Minor suggestion: In my case an agent's goal is to invoke one particular tool, but needs to use a few others tools to get there. I imagine this may be a fairly common usecase.
If you agree, there's two ways the library could make that usecase even easier to handle:
(1) Similar to the ModelSettings.tool_choice
parameter, allow tool_use_behaviour
to be a str
that matches a tool name. And the behaviour would be "stop after the named tool has been called".
(2) Or, provide a factory function similar to the below:
def stop_after_tool_use(tool: str | FunctionTool) -> ToolsToFinalOutputFunction:
if isinstance(tool, FunctionTool):
tool = tool.name
def custom_tool_use_behavior(context, results):
for result in results:
if tool == result.tool.name:
return ToolsToFinalOutputResult(is_final_output=True, final_output=result.output)

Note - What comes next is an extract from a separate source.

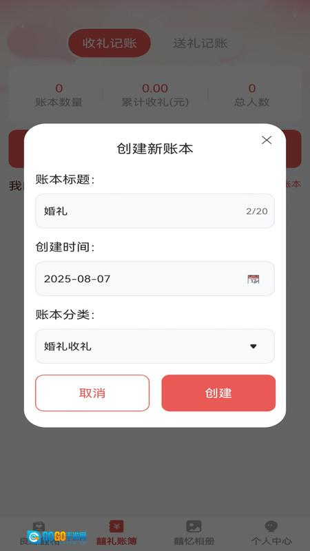 3、囍礼账簿页面配备了收礼与送礼的记账模板,支持分类添加,助力生成专属账单。

return ToolsToFinalOutputResult(is_final_output=False, final_output=None)
return custom_tool_use_behavior
# Usage example:
@function_tool
def get_foo_id(user_input):
...
@function_tool
def get_bar_id(user_input):
...
@function_tool
def get_large_dataset(foo_id, bar_id):
...
agent = Agent(
name="Foo Agent",
instructions="Using your tools, retrieve the requested dataset.",
tools=[get_foo_id, get_bar_id, get_large_dataset],
tool_use_behavior=stop_after_tool_use(get_large_dataset),
)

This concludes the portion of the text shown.